Now, I am going to make a decision to have a hot long bubble bath....  And Im actually going to do it. 

See ya later,

xoxo
Cam


Tuesday, October 23, 2012

Custom Hand-Tooled Leather Cuffs... the latest

This weekend I had a bit of time to catch up on some custom back orders.. I'm still a bit behind, but making headway.  Hey...  Good things come to those who wait, right?

... Or wasn't there something about a squeaky wheel......

Here's what I've been up to.  These are all SOLD custom orders... 


 
 
 



This next bit...  Makes me giddy.   A couple months ago Brave Girls Club asked me to come over and tool a cuff on time lapse.  This four hour+ process was trimmed down to a little over 8 minutes.  Its a bit hard to see the detail, but if you want to know how I do it..... 

I've got moves... 





Love Cam
xoxo
(Thanks for sticking with me)
 
 

Thursday, October 4, 2012

Virtual Gallery Walk Day 4


 
Artistic Inspiration: Then and Now

I have been thinking a lot lately about what inspires my art.  Everything.  Simply everything. 

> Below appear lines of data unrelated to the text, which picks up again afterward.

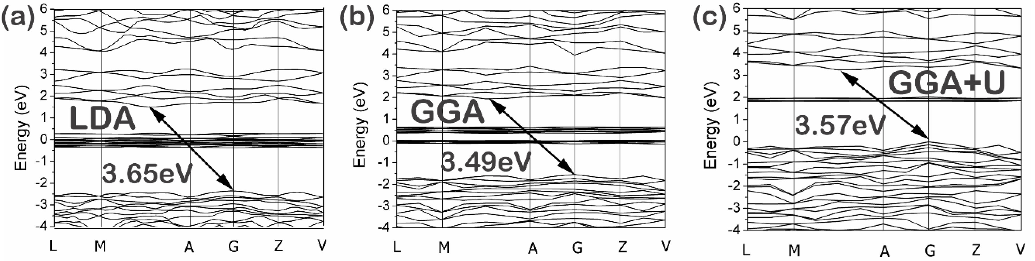 Band structure of SmTaO4 as calculated with (a) local density approximation (LDA); (b) generalized gradient approximation (GGA) and (c) GGA with additional Hubbard correlation terms (GGA + U).
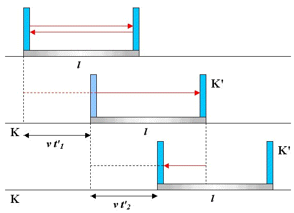 riferiti rispettivamente alle origini O e O', come abbiamo già fatto precedentemente. Se K' si muove rispetto a K con velocità v, per la contrazione delle lunghezze sarà:
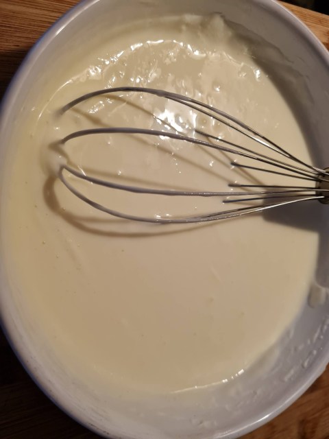 - Добавям желатина към крема сиренето и разделям сместа на две части.
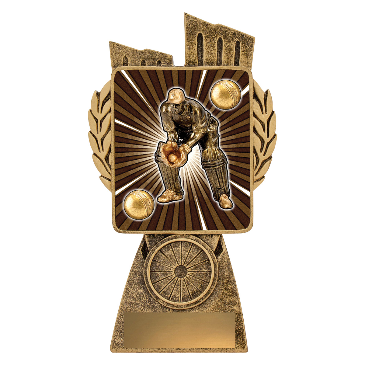 Lynx Trophies represent a flexible series covering all different awards required by your team or club. Featuring a classic wreath and vibrant design, this particular series is for wicketkeeping. Space for 25mm centre insert.
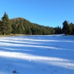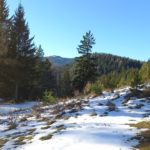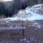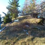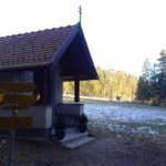 Wir starten bei der Großbaustelle des Semmering-Basistunnels im Göstritzgraben am Parkplatz für den Baustellen-Infoturm. Gleich dahinter verschwindet der Weg im Wald und es geht gleich ordentlich bergauf. Abschnittsweise steinig windet er sich ca. 200 Hm hinauf bis zur Schanzkapelle. Dort kurz durchschnaufen und weiter Richtung Kummerbauer. Der Weg ist zwar gesperrt aber wir biegen ohnehin nach ca. 120 m ab. Mit einem roten Punkt mit Pfeil markiert zweigt ein schmaler, unscheinbarer Pfad links ab, den man leicht übersehen kann. Dieser führt zuerst leicht aber bald stark ansteigend hinauf wobei die roten Punkte an einzelnen Bäumen als Wegweiser dienen. Bei einem Bankerl machen wir kurz Rast und steigen dann weiter steil in Richtung Kleinen Otter hinauf. Bei der nächsten Kreuzung mit einer Forststraße verpassen wir die Abzweigung und wandern so am Forstweg weiter bis wir bei einem Wegweiser wieder auf einen Pfad nach oben zum Sattel zwischen Kleinem Otter und Mitterotter stossen. Oben angelangt gibt es einen Wegweiser nach rechts zum Kleinen Otter und links zum Mitterotter. Ein kurzer Anstieg am Bergkamm auf nadelbedecktem, mit ein paar Schneeflecken angezuckerten Waldweg und wir erreichen einen mächtigen Felsen. Hier kommt auch rechterhand der verpasste, mit vom Windbruch umgeworfenen Bäumen verlegte Pfad herauf. Wir umgehen den Felsen und erreichen die kleine Gipfelwiese. Gute Geister haben hier schon ein Fundament betoniert, sodaß auch der Kleine bald ein ordentliches Gipfelkreuz haben wird (↑ nächsten Besuch einplanen). Das hier ein ganz besonderer Ort ist zeigt der tolle Tiefblick auf die höheren Gipfel der Wiener Hausberge welche wie Inseln aus dem Nebelmeer herausragen. Um das vielleicht zu spüren, müsst ihr selber herauf kommen.
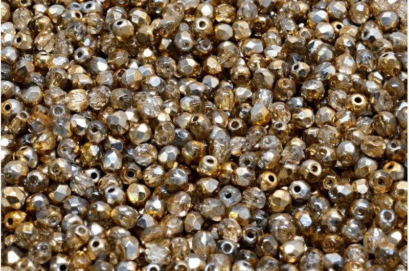 ファセットラウンドファイアポリッシュビーズ、クリスタルクリスタルシルバーハーフコーティング97387(00030-27001-97387)、ガラス、チェコ共和国
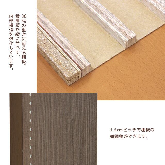 ●可動棚は1.5cmピッチなので、位置の微調整ができます。
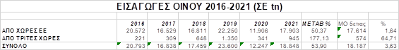 Αύξηση καταγράφουν οι εισαγωγές οίνου το 2021 τόσο σε ποσότητα, όσο και σε αξία, αποτέλεσμα προφανώς των επιπτώσεων της πανδημίας κατά τη διάρκεια του 2020. Ωστόσο αυξημένες καταγράφονται οι εισαγωγές οίνων συγκρινόμενες με το 2019 ως προς την αξία κατά 9,93%, ενώ σε ποσότητες εμφανίζονται μειωμένες κατά 19,53%.

I must listen to music that speaks to me while creating art.  Calm soothing Norah Jones, Adele, Peggy Lee, Billy Holliday,  Sara Bareilles..





What else. 
1970's color palettes
Original flowers sketched in pencil
Any original handwritten book containing sketches transfers or photographs 

Check out this book I picked up at an antique store:
MaryAnn Caughoan... August 1926.  You inspire me. 




Mixed Media Art inspires me.  I love that there are NO rules and that most mixed media art remains in a perpetual state of incomplete.  Mixed media combines my love for three dimensional design, texture, and two dimensional display art.  The detail in mixed media captivates and draws me in. The combination of old, new and re purposed items combining together to create a unified finished product.

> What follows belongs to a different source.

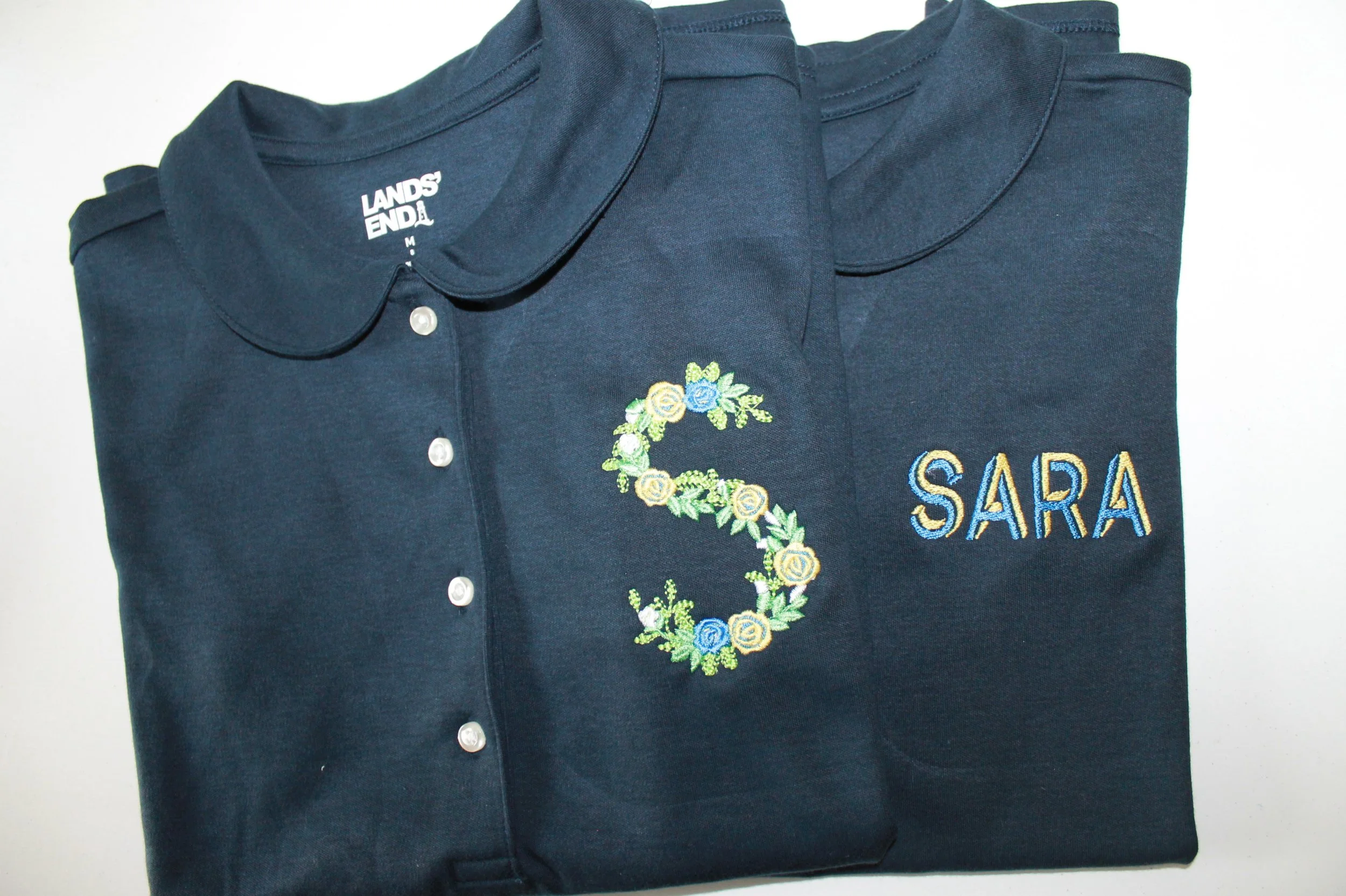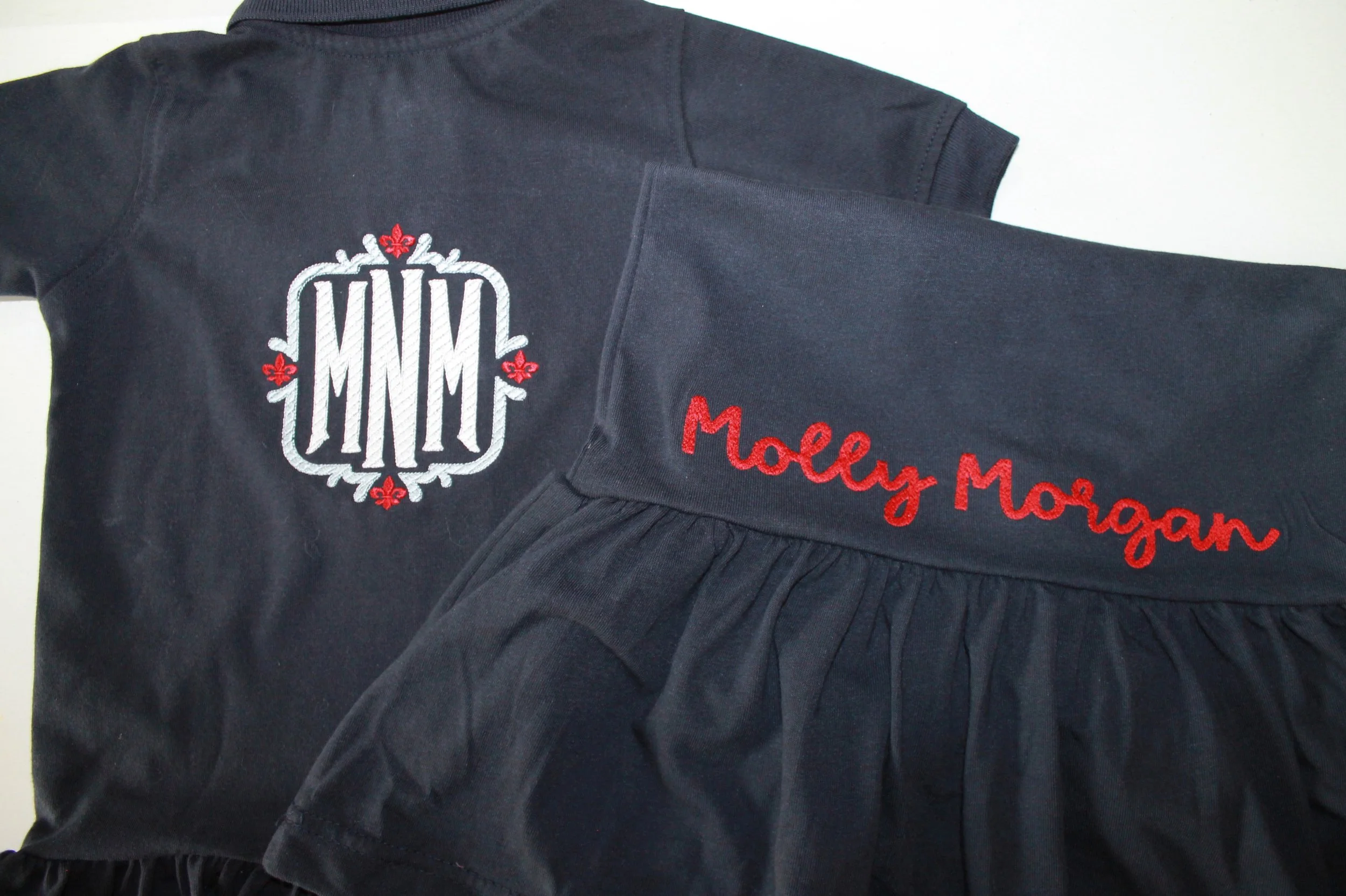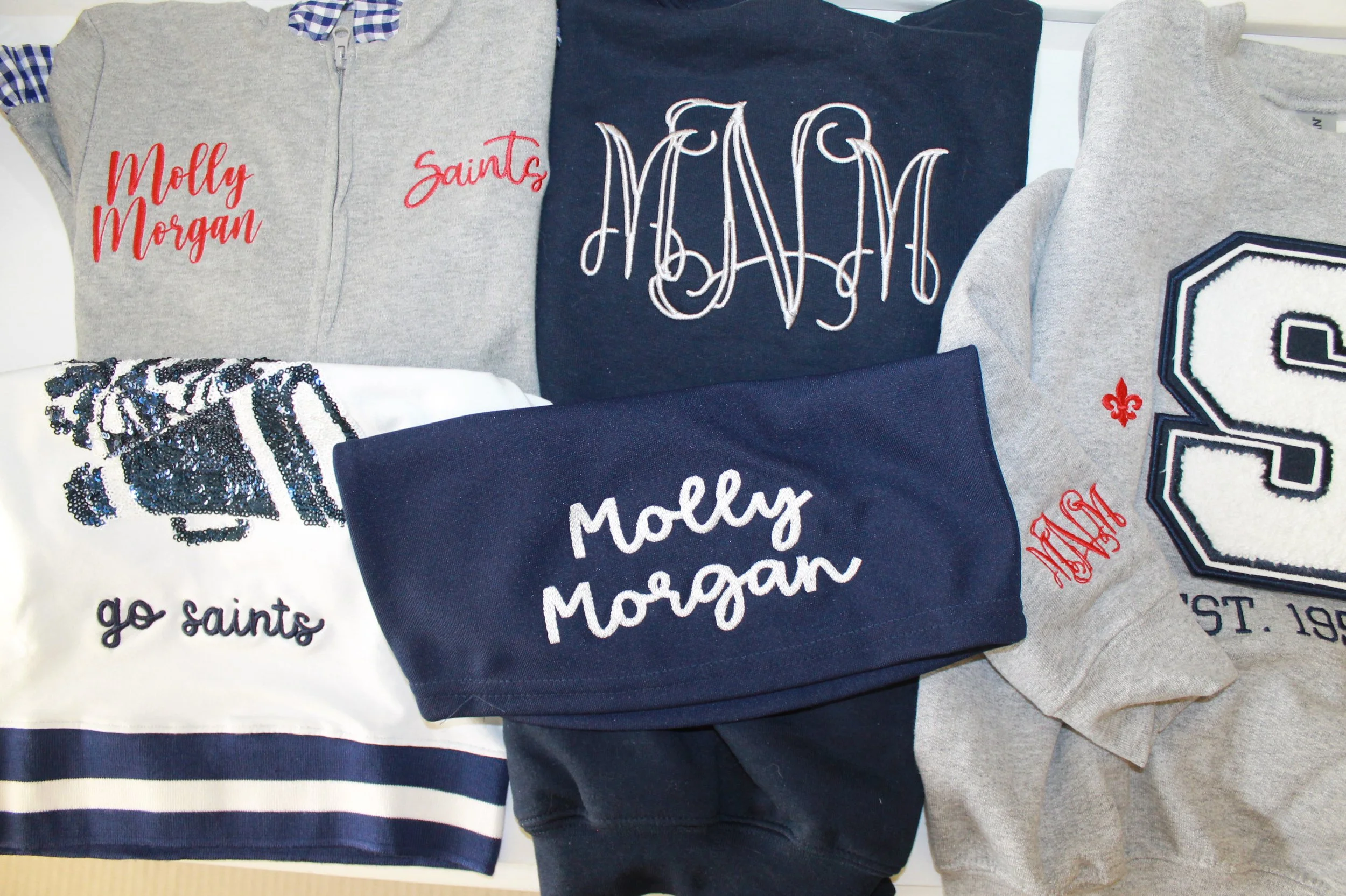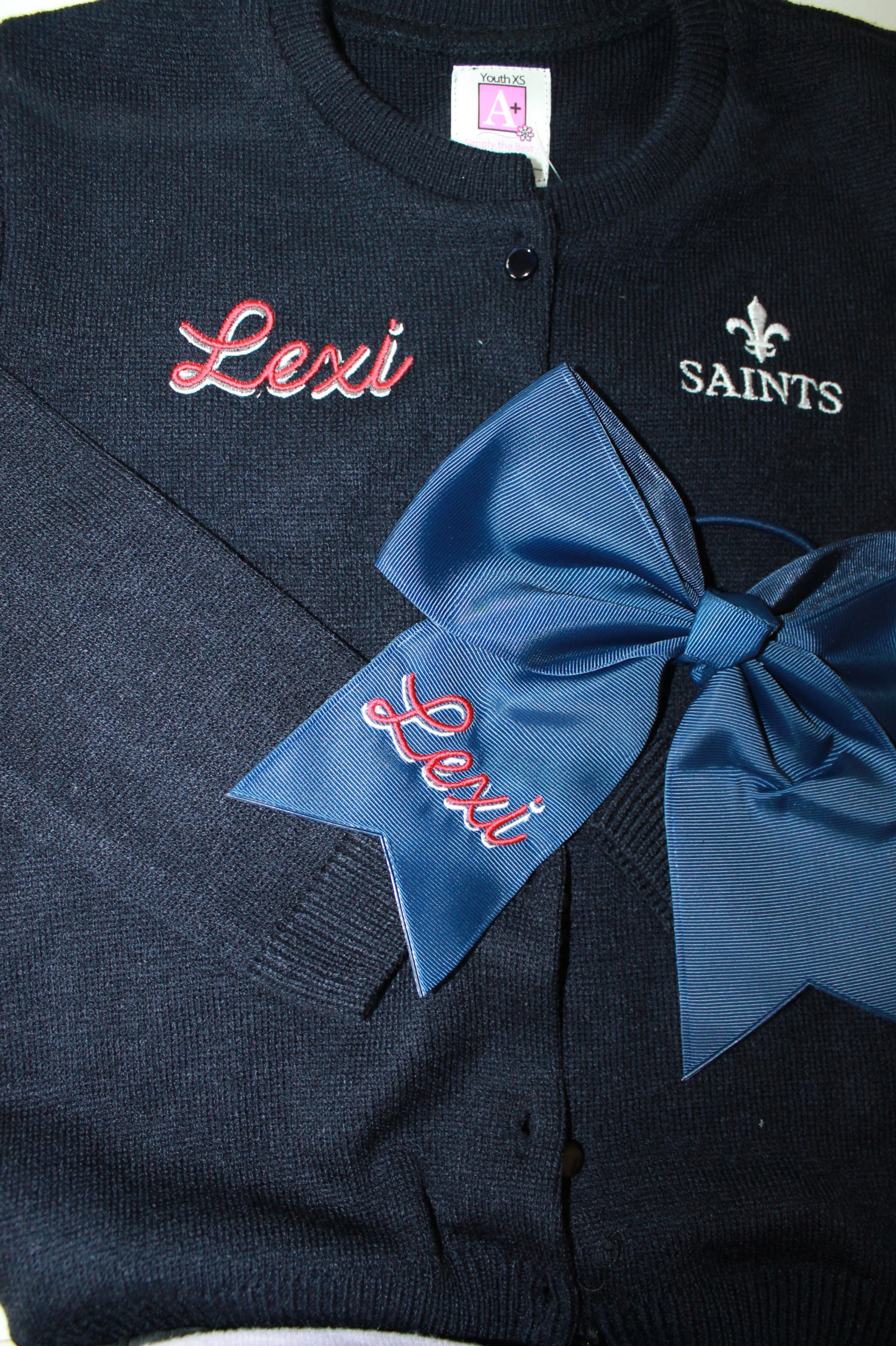 My daughters, Katie and Kristie graduated from All Saints’. So naturally, the majority of our orders are from ASES. But of course, we welcome all clients and are familiar with most school’s guidelines. The majority of our fonts stitch well onto uniforms. Orders are first come, first serve. Contact us for pricing.

Life experience inspires me.  I love to create art that matched what I feel in my soul.  Sometimes it's a portrait of despair and sometimes a portrait of hope, but mostly it's a portrait of what I know life can be.  It's taken me a long time to get to the place where what I feel on the inside matches what I create on the outside.  It means letting go 100% of expectations, preconceived concepts, comparison, fades and trends.  It means using the colors that really speak most to you.  The textures that inspire you, and leaving the rest.  It's impossible to create what you feel on the inside if you are attempting to impress or duplicate someone else work or style. 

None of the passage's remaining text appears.